Thank you, everyone, for subscribing to this newsletter and motivating me to push myself to stay updated in Data & AI. The goal of this newsletter is to present AI news and updates in simple terms.
Google’s Gemini AI adds Scheduled Actions
Google's Gemini AI just got way more useful with "Scheduled Actions" - but only if you're paying for AI Pro or Ultra. Now you can tell Gemini to do stuff automatically, like "summarize my emails every morning at 7 AM" or "give me my team's scores after games."

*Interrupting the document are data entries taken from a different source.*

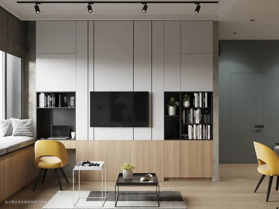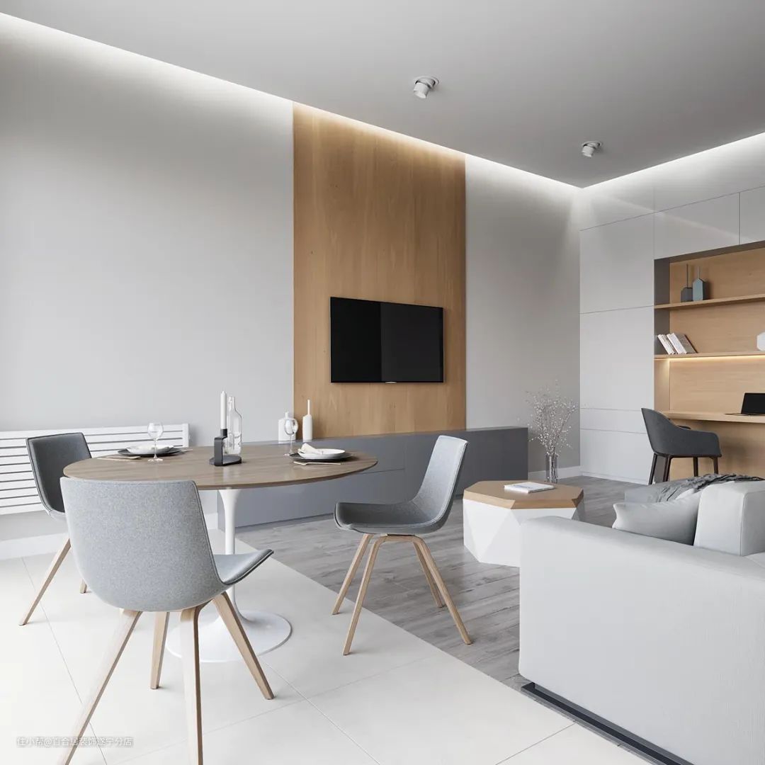 如果本身采光已经不好了,大面积吊顶只会看上去更压抑,所以造型少,轻薄简洁的吊顶更实用耐看。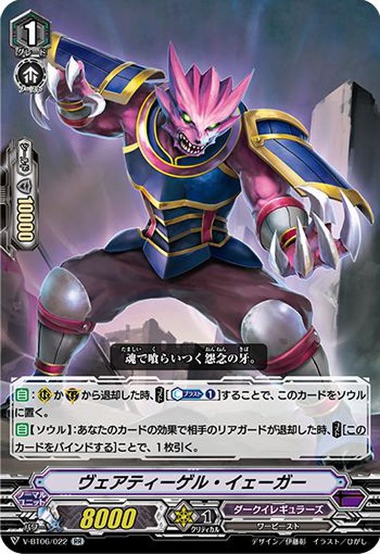 【自】:(R)か(G)から退却した時、【コスト】[【カウンターブラスト】(1)]することで、このカードをソウルに置く。【自】【ソウル】:あなたのカードの効果で相手のリアガードが退却した時、【コスト】[このカードをバインドする]ことで、1枚引く。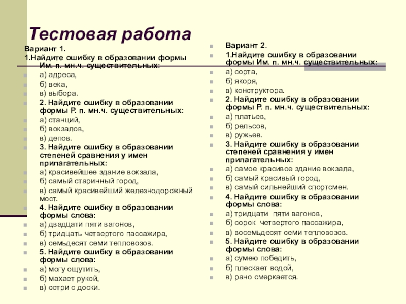 1.Найдите ошибку в образовании формы Им. п. мн.ч. существительных: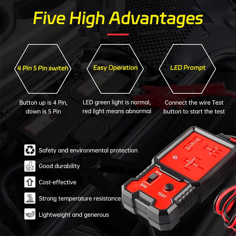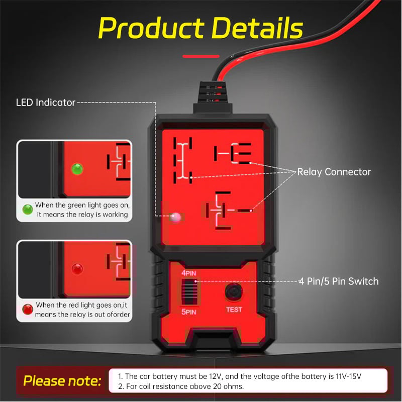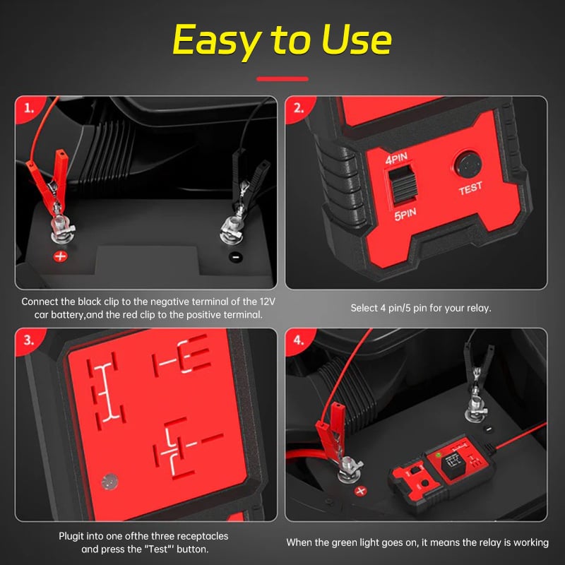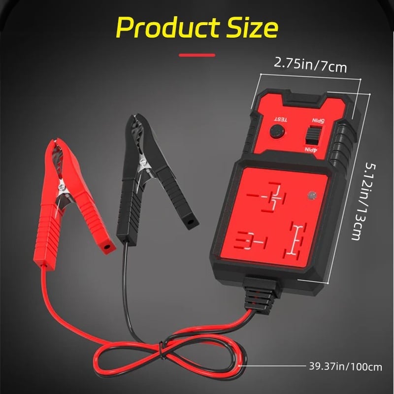 Compatible with 4-pin and 5-pin relays. Just connect it to the relay’s coil using a 12V car battery to quickly check for faults, no need to remove the relay. Saves you time and money.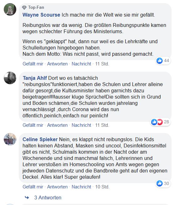 Interessant ist ja, dass das gesamte Schulministerium seit Beginn der Coronamaßnahmen im Homeoffice ist, nach dem Motto: “Seid nicht feige, lasst mich hinterm Baum.”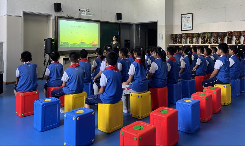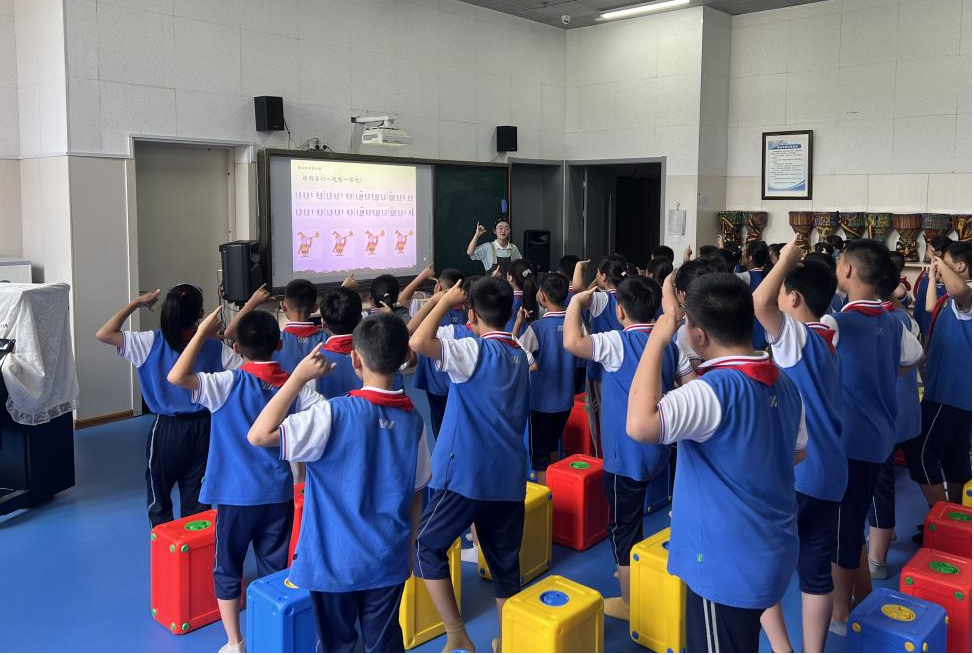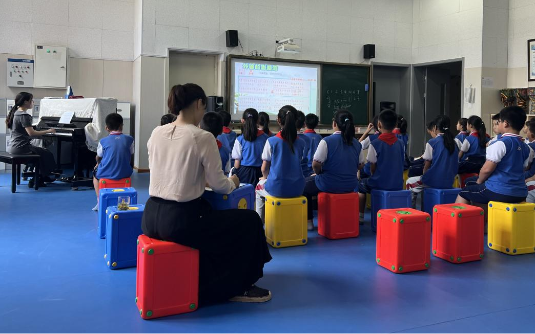 本次活动是以公司员工建立在基础理论的学习之上,进入一线教学环境进行的教学实践,共安排了两节课进行教学。第一节课由器乐2001班张亭亭同学进行五年级课程《外婆的澎湖湾》的讲解,在教学过程中充分运用了在音乐教育学课上学到的“多觉联动”教学方法,发挥动觉、听觉、视觉等多方面的联动效应,使五年级的员工们沉浸在对台湾校园歌曲《外婆的澎湖湾》的学习中。不仅掌握了如何演唱该歌曲,进入了很好的歌唱状态,还通过课程中了解到了台湾澎湖列岛的风土人情。张亭亭同学在歌曲的教学中,让员工们自由想象歌曲中所展现的画面,并且在完成歌曲的教学后,张亭亭同学又带领大家了解了其他几首校园歌曲,向同学们讲述歌曲的演唱者与亲人之间感人的故事,使员工们在本堂课中受益匪浅。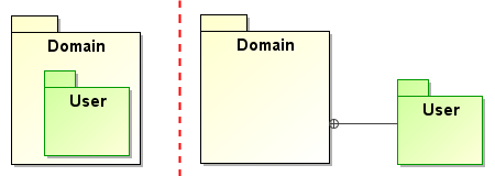 Example of package nesting (on the left) and package nesting using containment relationship (on the right)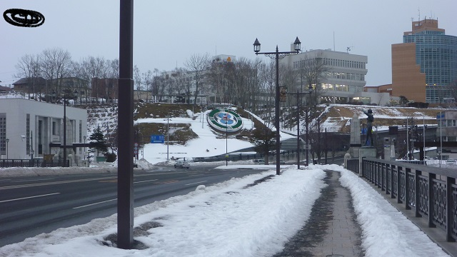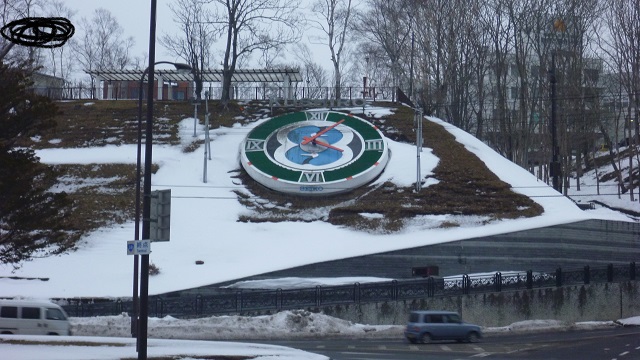 釧路駅か駅から幣舞橋を渡る道路の正面付近に見える大きな時計。花時計だけに雪の無い時期は色とりどりの花が人の目を引き付けてくれる。斜面の高いところに設置されているのでよく目立ってよい。夜間もライトアップされていて、夜間もよい雰囲気だった。

It's pretty neat for staying organized without constantly checking apps. You can get daily calendar roundups, sports updates, or custom email summaries. Everything gets managed through your Gemini app settings. Basically, Google's trying to make Gemini more like a personal assistant that actually anticipates what you need instead of just answering questions.
Anthropic just launched Claude Gov
Anthropic just launched Claude Gov - a special version of their AI made specifically for U.S. defense and intelligence agencies. It's already being used at "the highest level of national security."
The big difference? Claude Gov won't refuse to work with classified information like regular AI models do. It's built to understand defense documents, analyze cybersecurity threats, and handle languages important for national security.
Think of it as Claude's secret agent cousin - same safety standards, but designed to actually help with the sensitive stuff that regular AI won't touch. It's deployed on secure government networks only.
Mistral’s Vibe coding tool
Mistral AI just dropped their own coding assistant called Mistral Code, and they're going after the enterprise market hard. Unlike GitHub Copilot or Cursor, this thing is built for companies worried about security.
The cool part? It uses four different AI models working together - one for code completion, another for searching your codebase with plain English, plus conversational help. But the real selling point is you can run it completely offline on your own servers so your code never leaves the building.
It's currently in private beta and supports 80+ programming languages. Definitely targeting the "we can't use cloud AI tools" crowd.